Internet, ce n'est pas que des casinos maltais ou des vidéos de chutes en skate, c'est aussi le commerce en ligne : transactions de fonds, numéros de cartes bleues et date d'expiration associée, tout ça circule tranquillement sur le réseau. De manière codée, certes, mais avec des clefs de codages bien connues de tous puisqu'elles sont publiques... Aujourd'hui, apprenons ensemble à décoder les chiffrements renfermant le code de la carte bleue de Mr Dupont qui vient de s'acheter un chouette vélo d'appartement.


Remontons à l'origine de la cryptographie, avec le code de César (comme son nom l'indique, inventé par Jules César). Le principe de ce code est tout simple : on décide d'une clé k, et on fait correspondre à chaque lettre du message la lettre de l'alphabet décalée de k lettres. Si k=3, on a A->D, B->E etc.

Prenons cet exemple : "VBVYJPYJPYJP KJPNNZ G'VIVIVN ZO HJPYN G'XVAZ".
Donné ainsi, déchiffrer le code peut nécessiter plusieurs minutes.
Si je précise qu'il s'agit d'un code de César, il n'y aura plus que 25 clés à tester.

Si j'ajoute que la clé est 8, le code sera cassé en quelques secondes.
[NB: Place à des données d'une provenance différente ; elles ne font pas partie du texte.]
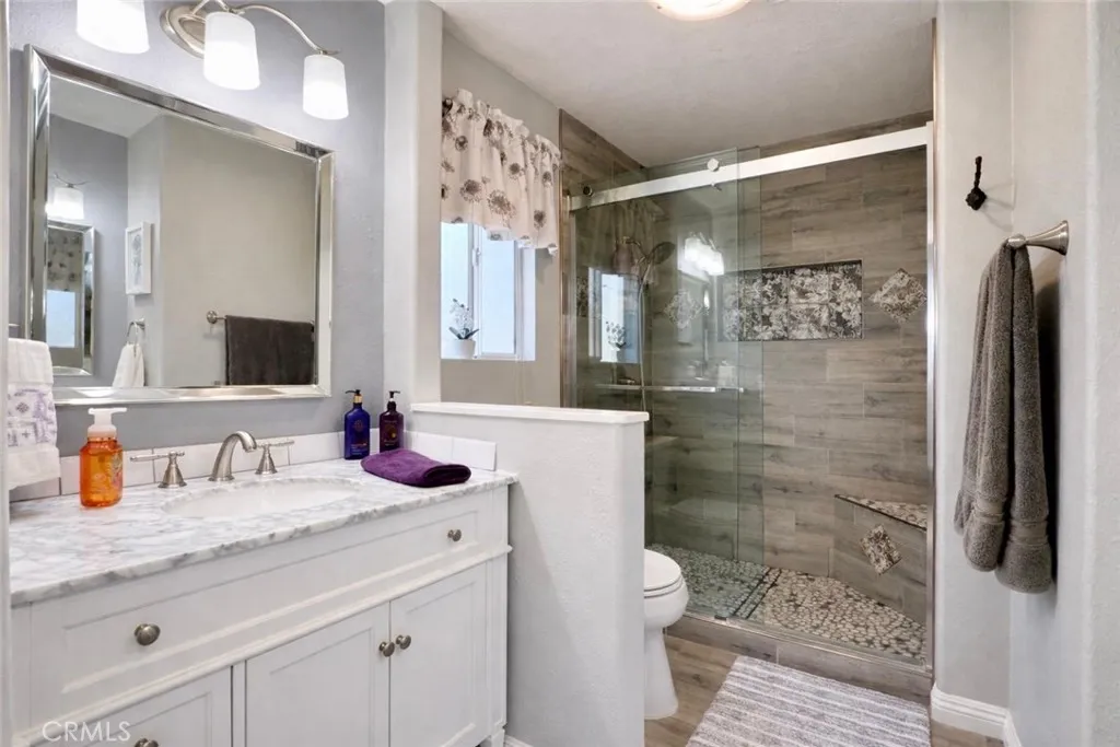 Welcome to this beautifully maintained single-story home tucked away on a quiet cul-de-sac in Calimesa! Offering inviting curb appeal, this charming single-family residence features a bright and comfortable layout with soaring ceilings, spacious living areas, and tasteful updates throughout. The living room feels open and airy, while the remodeled kitchen showcases white cabinetry, stone-style counters, stainless steel appliances, recessed lighting, and a farmhouse sink, flowing nicely into the dining area for everyday living and easy entertaining. The primary suite offers a relaxing retreat with vaulted ceilings and an upgraded bathroom featuring a large custom walk-in shower, while the 2 other bedrooms provide flexibility for family, guests, or home office use. A generously sized indoor laundry room that doubles as an office space, adds convenience and functionality. Step outside to enjoy the beautifully cared-for backyard complete with lush lawn, mature landscaping, stamped concrete, and a covered gazebo-style patio that creates a wonderful setting for outdoor dining, gatherings, or peaceful evenings at home. The side yard offers additional usable space with room for extra parking, recreational vehicles, or storage possibilities. The property also includes an attached 2-car garage and a wide driveway. Ideally located near local parks, trail and community amenities in Calimesa, with convenient access to shopping and dining at The Marketplace at Calimesa, which is anchored by Stater Bros., and easy access to Interstate 10 for commuters. Don't miss out on this opportunity!!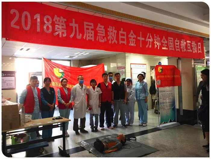 2018年10月10日10时10分,第九届“急救白金十分钟—全国自救互救日”公益活动在我院门诊大厅举行,本期活动主题是:识别“围猝死”预防公众心跳骤停。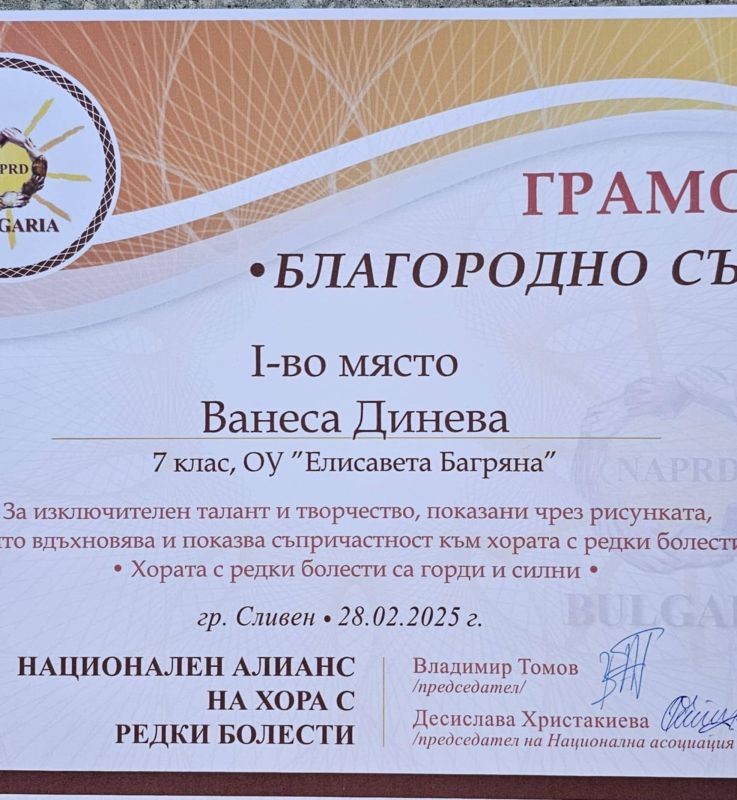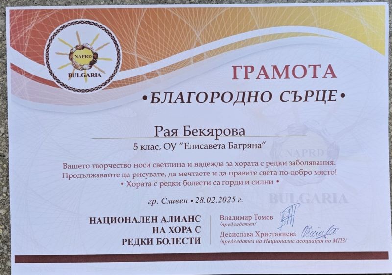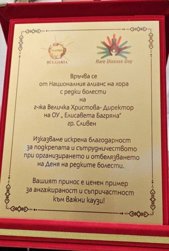 Директорът на ОУ "Елисавета Багряна", г-жа Величка Христова, бе наградена с плакет в знак на благодарност за подкрепата и сътрудничеството при организирането и отбелязването на Деня на редките болести.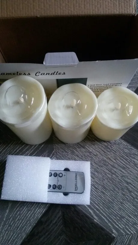 Заказала 13 октября, получила 19-го!!! 6 дней, Карл!!!!! это очень круто. Сами свечи очень аккуратные, внутренности не просвечивают. Правда я думала, что штырек с пламенем будет шевелиться и "танцевать" и немного расстроилась, когда этого не произошло. Но свет пламени очень мягко и естественно мерцает, поэтому свечи все равно выглядят очень натурально. Пульт пробовала на каждой свечке отдельно - он не сработал. Возможно нужно включить все три свечки. Завтра проверю. Но даже без пульта я очень довольна, уверена, что это лучший вариант свечей на Али!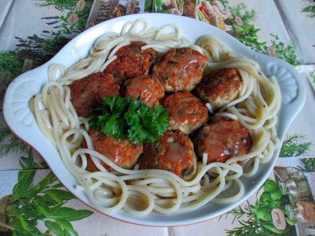 Mój ostatni przepis na spaghetti. Z klopsikami smakuje wybornie. Składniki:35 dag mielonego mięsa wieprzowego2 ząbki czosnku2 łyżki bułki tartej3 łyżki posiekanej natki pietruszkicytryna1 jajko150 ml białego wina wytrawnegomakaron spaghettisól i pieprz do smakuWykonanie:Makaron ugotować według opisu na opakowaniu. Mięso wymieszać z jajkiem, bułką tartą, zmiażdżonym czosnkiem, natką pietruszki, sokiem
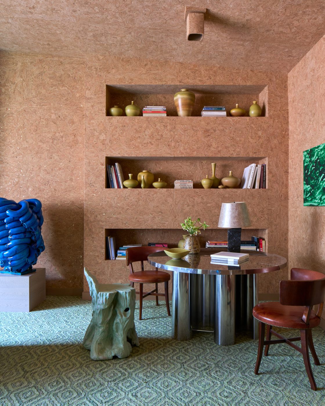 To incorporate both aesthetics, Huniford first wrapped the walls and ceiling in a gold-flecked cork from Phillip Jeffries, for a subtle tree-like vibe. He then selected a delicate sky-blue velvet to upholster the mammoth 23-foot built-in sofa he designed to run the length of one wall. In crafting the built-in side tables at the sofa’s ends, he says, “I was inspired by Mexican modernist designers like Clara Porset and Luis Barragán, who often integrated furniture directly into their architecture.”

Le tour de force des cryptages qui ont lieu sur internet, c'est que tout le monde sait que le codage utilisé est le codage RSA (Du nom de leur auteurs, Ron Rivest, Adi Shamir et Len Adleman), et que la paire de clés de codage est (relativement) publique ! (Pour plus de sécurité, le codage RSA est associé à l'OAEP, mais je ne vais pas en parler dans cet article)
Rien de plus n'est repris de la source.